● **WHAT IS REQUIRED**:
Transcribe the data that follows without changing a word, and omit the pictures.

===== GIVEN DATA

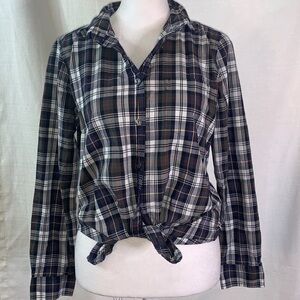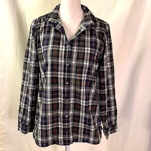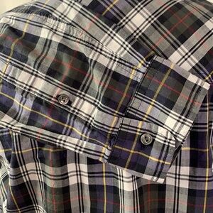 Classic, preppy plaid with navy/ blue checkering and pops of green, red, and yellow. Single breast pocket, buttoned cuffs.
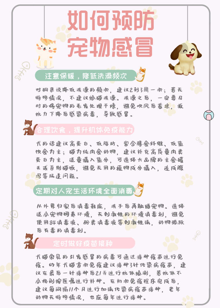 为了预防犬猫感冒,这些方面需注意↓
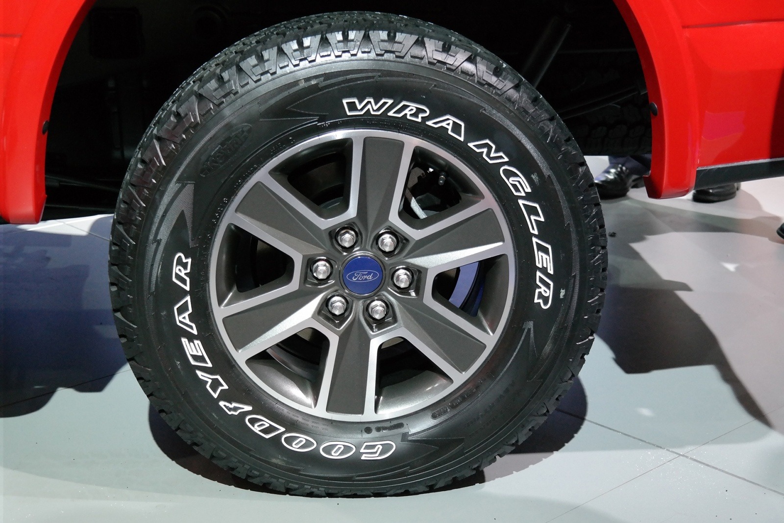 A close-up of the 2015 Ford F-150 XLT's machined aluminum alloy wheel fitted with a Goodyear Wrangler all-terrain tire on a Race Red truck at its auto show debut. The five-spoke design and Ford-oval center cap underscore the XLT's value-plus positioning.
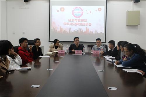 11月24日下午,经济与管理系在空港校区景明楼210会议室、上善楼410教室召开学风建设师生座谈会,该系党总支副书记黄薇薇、副主任劳国炜,辅导员卢智泉老师出席座谈会。20余名本科学生、100余名专科学生代表参加了会议。会议由黄薇薇副书记主持。

==========

● **ANSWER AREA**:
 Classic, preppy plaid with navy/ blue checkering and pops of green, red, and yellow. Single breast pocket, buttoned cuffs.
 为了预防犬猫感冒,这些方面需注意↓
 A close-up of the 2015 Ford F-150 XLT's machined aluminum alloy wheel fitted with a Goodyear Wrangler all-terrain tire on a Race Red truck at its auto show debut. The five-spoke design and Ford-oval center cap underscore the XLT's value-plus positioning.
 11月24日下午,经济与管理系在空港校区景明楼210会议室、上善楼410教室召开学风建设师生座谈会,该系党总支副书记黄薇薇、副主任劳国炜,辅导员卢智泉老师出席座谈会。20余名本科学生、100余名专科学生代表参加了会议。会议由黄薇薇副书记主持。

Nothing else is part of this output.